In the 19th century, Thanksgiving traditions in America varied from region to region. A traditional New England Thanksgiving, for example, consisted of a raffle held on Thanksgiving Eve (in which the prizes were mainly geese or turkeys), a shooting match on Thanksgiving morning (in which turkeys and chickens were used as targets), church services, and then the traditional feast, which consisted of some familiar Thanksgiving staples such as turkey and pumpkin pie, and some not-so-familiar dishes such as pigeon pie.

The earliest high school football rivalries took root in the late 19th century in Massachusetts, stemming from games played on Thanksgiving. Professional football took root as a Thanksgiving staple during the sport’s genesis in the 1890s, and the tradition of Thanksgiving football both at the high school and professional levels continues to this day.

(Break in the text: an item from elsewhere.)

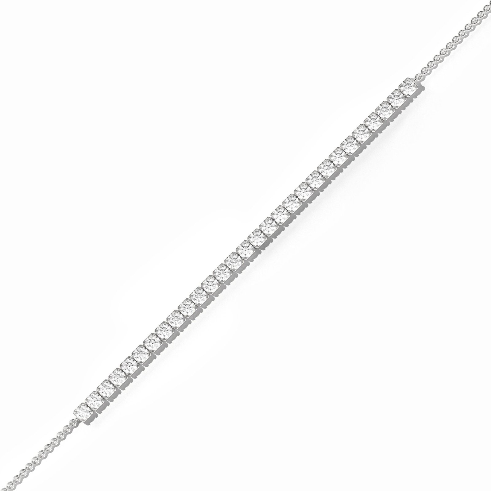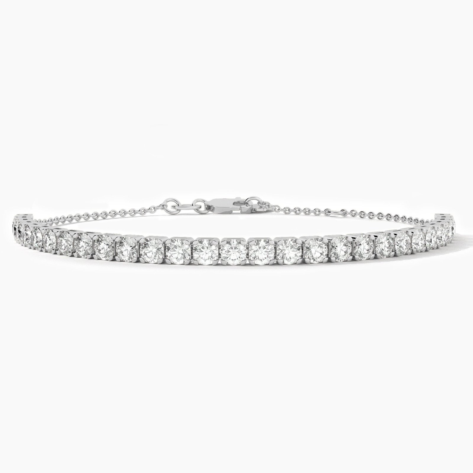 With a total diamond weight of 3.00 carats (±0.10ct) and a refined 3.20mm thickness, this bracelet offers a bold yet graceful presence on the wrist. Perfect for special occasions or as an everyday luxury statement, its classic tennis design ensures enduring style.

Macy’s Thanksgiving Day Parade

One thing that is long associated with Thanksgiving is Macy’s Thanksgiving Day Parade in New York City. The starting point of the parade is Central Park West (near the American Museum of Natural History) and ends at Macy’s flagship store in Herald Square. It is televised by NBC.

The parade features floats and falloons (a combination of balloon and float) with specific themes, scenes from Broadway plays, large balloons of cartoon characters and TV personalities, and high school or college marching bands. The float that traditionally ends the Macy’s Parade is the Santa Claus float, which heralds the arrival of what has become known as the beginning of the Christmas season.

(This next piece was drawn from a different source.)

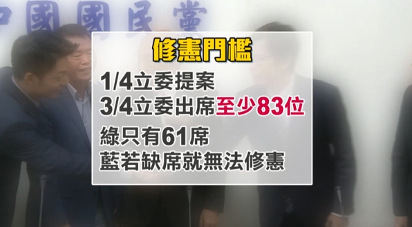 兩岸關係修正條例,目前在立法院已經一讀付委,但爭議最大的「憲法增修條文」則是更加敏感,因為修法除了要四分之一立委提案之外,更要四分之三立委出席,換句話說,至少要83位立委出席,才有機會闖關,但民進黨只有61席,等於一定要國民黨也加入才能夠完成修改。

There were many years that I remember my family going into the city to watch the parade live. I remember being in awe of the balloons as well as the floats. Even when I lived in Manhattan years later, on Thanksgiving morning, I always got a good spot at 34th Street and Herald Square to watch the parade and take excellent pictures. To this day, I still love watching it on TV (or, if I am unable to watch it, I tape it to watch later on). All the balloons get blown up the day before the parade, an event not to be missed by young and old. I also remember that when I was 10 years old, my family took a trip to Colonial Williamsburg, had Thanksgiving Dinner at the Williamsburg Inn, and spent time exploring the Colonial Capital.

Presidential Turkey Pardon

The National Turkey Federation has presented the President of the United States with one live turkey and two dressed turkeys in a ceremony known as the National Thanksgiving Turkey Presentation. President Kenney was the first president reported to spare the turkey given to him (“We’ll let this one live“), and President Reagan was the first to grant the turkey a presidential pardon, which he jokingly presented to his 1987 turkey (which would indeed be spared and sent to a petting zoo).

President George H.W. Bush made the turkey pardon a permanent annual tradition upon assuming the presidency in 1989, a tradition that has been carried on by every president each year since. There are legends that state that the “pardoning” tradition dates to President Truman’s administration or even to an anecdote of Abraham Lincoln pardoning his son’s pet turkey. Both stories have been quoted in more recent presidential speeches, but neither has any evidence in the Presidential record.

In more recent years, two turkeys have been pardoned in case the original turkey becomes unavailable for presidential pardoning.

Traditional Thanksgiving Foods and Charity

In the United States, certain kinds of food are traditionally served at Thanksgiving meals. Baked or roasted turkey is usually the featured item on any Thanksgiving feast table (so much so that Thanksgiving is sometimes referred to as “Turkey Day“).

Stuffing, mashed potatoes with gravy, sweet potatoes, cranberry sauce, sweet corn, various fall vegetables (mainly various kinds of squashes), and pumpkin pie are commonly associated with Thanksgiving dinner. All of these are actually native to the Americas or were introduced as a new food source to the Europeans when they arrived. Turkey may be an exception.

The poor are often provided with food at Thanksgiving time. Most communities have annual food drives that collect non-perishable packaged and canned foods, and corporations sponsor charitable distributions of staple foods and Thanksgiving dinners.